(Records drawn from a dataset)
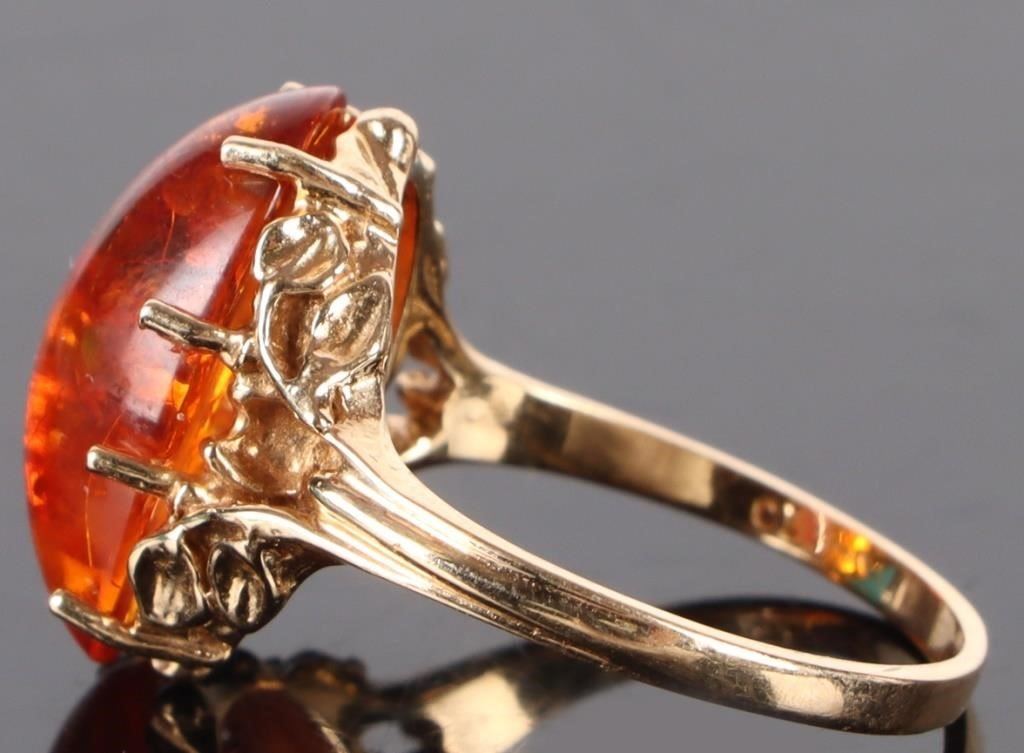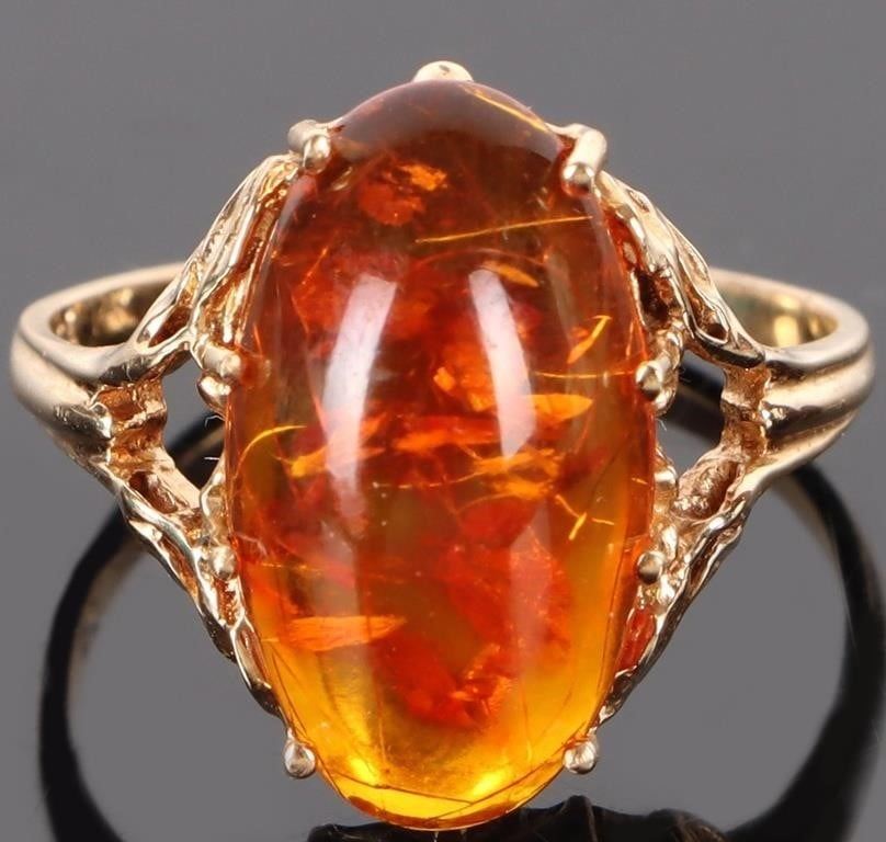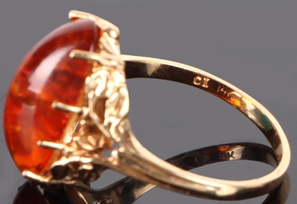 14K yellow gold amber ladies ring. Gemstones to include one 15.31mm X 9.52 mm cabochon amber.
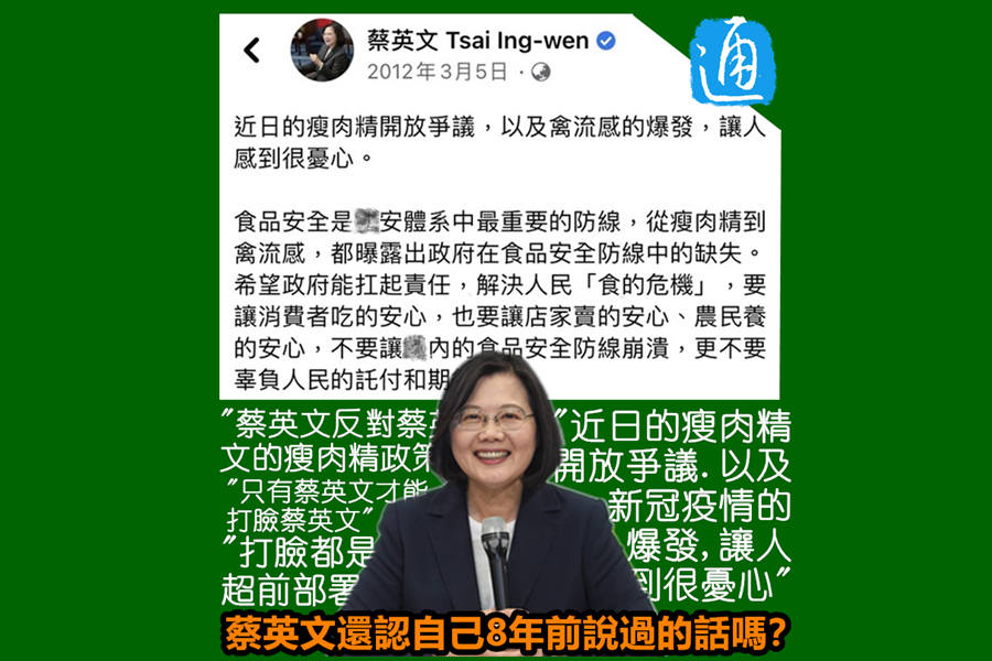 香港新聞網1月6日電 “近日的瘦肉精開放爭議,以及禽流感的爆發,讓人感到很憂心……希望政府能扛起責任,解決人民‘食的危機’,要讓消費者吃的安心,也要讓店家賣的安心、農民養的安心……不要辜負人民的托付和期待。”近日,蔡英文一篇發布於2012年3月5日的臉書帖文被扒出。 從八年前“心系百姓”的反瘦肉精鬥士到今天硬吞萊豬(含瘦肉精的美豬)的島內主事者,蔡英文前後言行反差之巨大,讓不少前來原帖“觀光打卡”的網友感嘆道:...
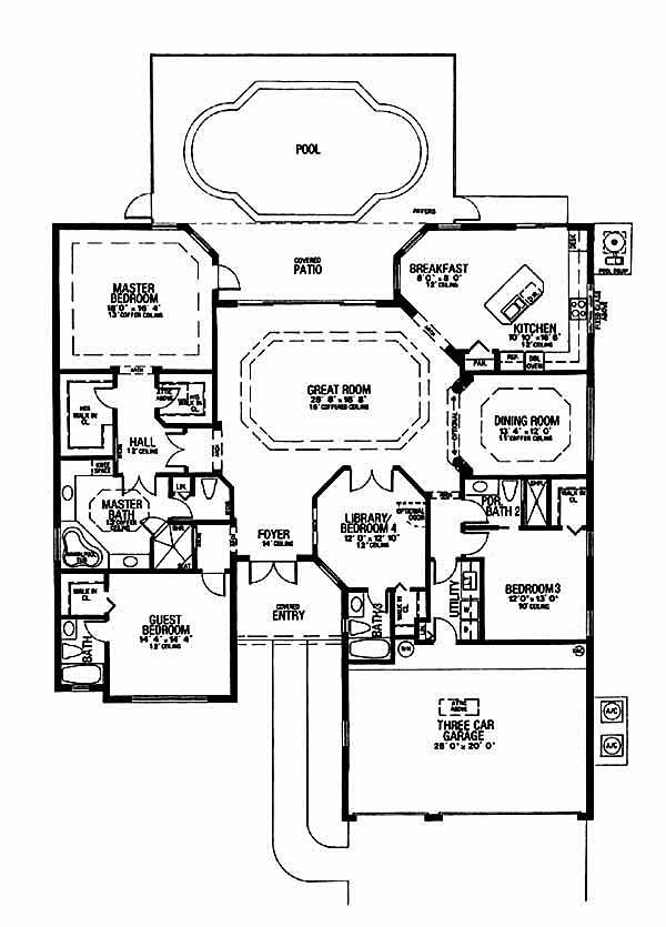 Upon entering you will enjoy a Great Room overlooking a covered patio and Tropical yard area. This well designed one story home with family room has over 3200 sf and features 3 bedrooms plus library, 4 baths, 3 car garage. The triple split bedroom plan is perfect for all size families.
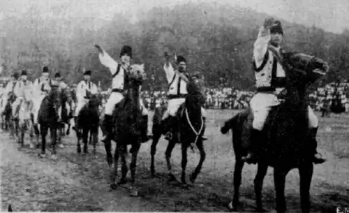 In 1927, the LANC press also boasted a connection between the Arcași and Nicolae Totu, who had murdered the Jewish youth David Falik and was acquitted by a sympathetic jury.[155] The following year, it published a piece by Dugan-Opaiț, who claimed that Nistor, as the Minister for Bukovina, wanted the Arcași banned, and that the movement had been marginalized during a national festival at Chișinău.[156] The still-independent groups, supervised by Doboș (who was a member of the Senate of Romania), reorganized themselves in July of that year, allowing "each member to engage personally in whatever sort of politics".[157] In 1930, some breakaway Arcași lodges became subsections of Codreanu's own Iron Guard.[158] Others, in large part recovered and again reorganized by Dumitru Străchinaru, remained primarily loyal to the Romanian King, Carol II, and in 1935 marched at his "Feast of the Restoration".[159] These Arcași received official protection, and by 1937 had expanded to 150 sections.[160]
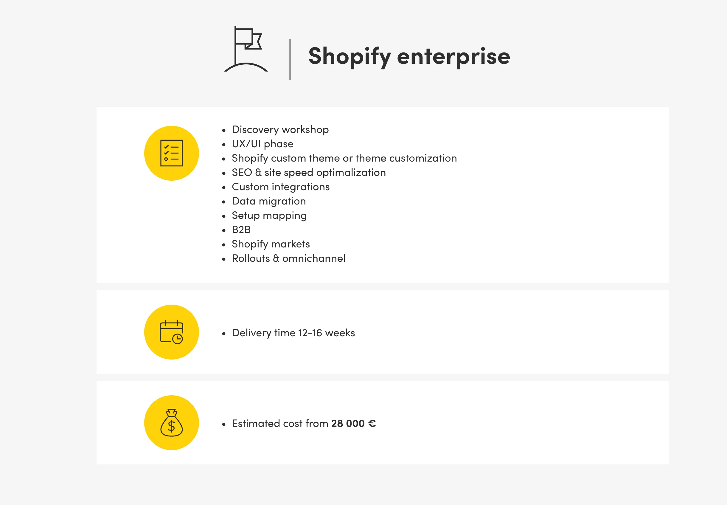 If the above versions are not enough for you, this is a solution for definitely more demanding businesses. In this option, we take into account the solutions from the previous point, so full customization of the platform, support in shopify optimization for SEO and performance, plus migration of data from the current platform to Shopify, implementation of Shopify Markets (worldwide sales), and adding a platform for B2B sales. Such a comprehensive solution takes the team between 12 and 16 weeks of implementation. The cost of such a project starts at €28,000.
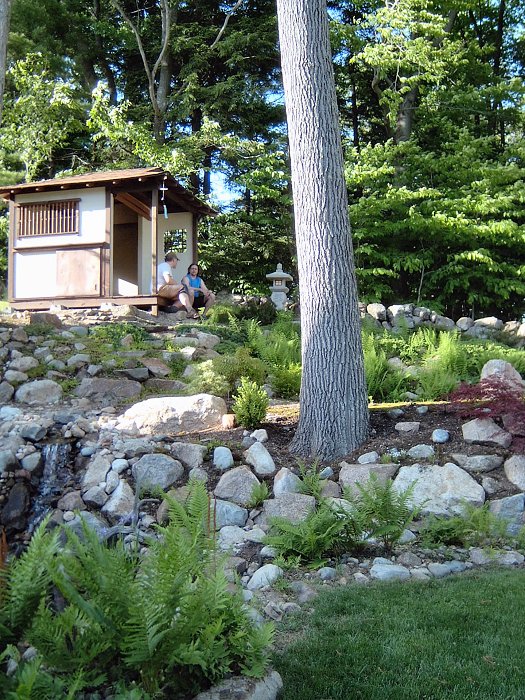 I had no idea this seemingly simple little building would lead us on the path of so many activities we both enjoy immensely. The original goal of creating a retreat where the lovely bride could escape the often depressing and always messy conditions of our home renovation project has been a great success. While we have yet to attempt preparing thick tea with the ro, we still enjoy sencha in the tea house on a regular basis. It's also wonderful place to read a book or simply sit and clear one's mind while the waterfall gurgles in the distance.
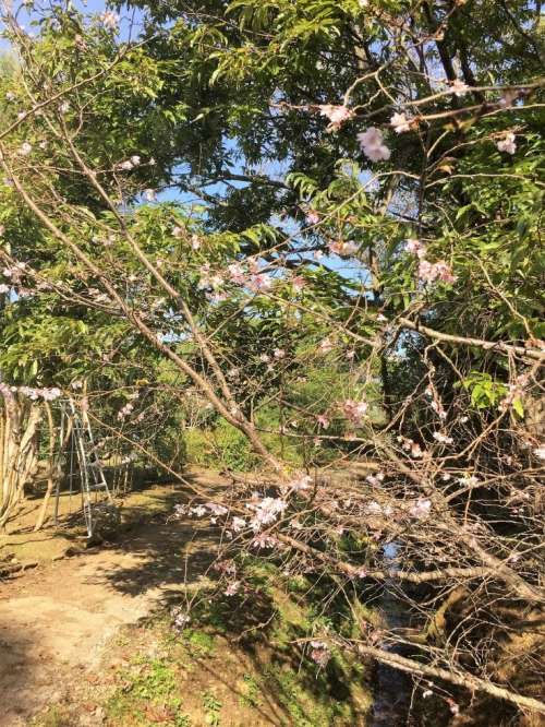 とても暖かい日なので、晝食は四季咲きのバラをながめながら外のテーブルでのランチ
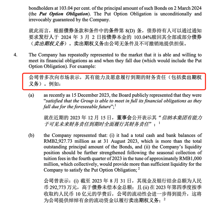 在去年11月30日披露的2023年年报(截至2023年8月31日)中,希望教育也称,已取得足够授信用于偿还到期债券。
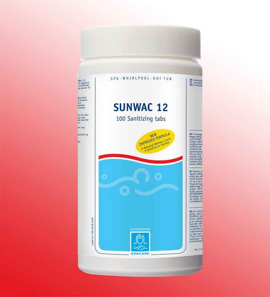 Spacare SunWac 12. 100 tabs. 1000-3000 liter vand. SunWac 12-tabletterne er Skandinaviens mest solgte klortablet og er storebror til SunWac 9. Med SunWac 12 får du rent og velduftende vand i dit spabad.

= ACTIVITY =
Starting at the line that contains "在去年11月30日披露的20", please write out each line through the last line of the data, both ends included, and keep pictures out of the copy.

= WORKED SOLUTION =
 在去年11月30日披露的2023年年报(截至2023年8月31日)中,希望教育也称,已取得足够授信用于偿还到期债券。
 Spacare SunWac 12. 100 tabs. 1000-3000 liter vand. SunWac 12-tabletterne er Skandinaviens mest solgte klortablet og er storebror til SunWac 9. Med SunWac 12 får du rent og velduftende vand i dit spabad.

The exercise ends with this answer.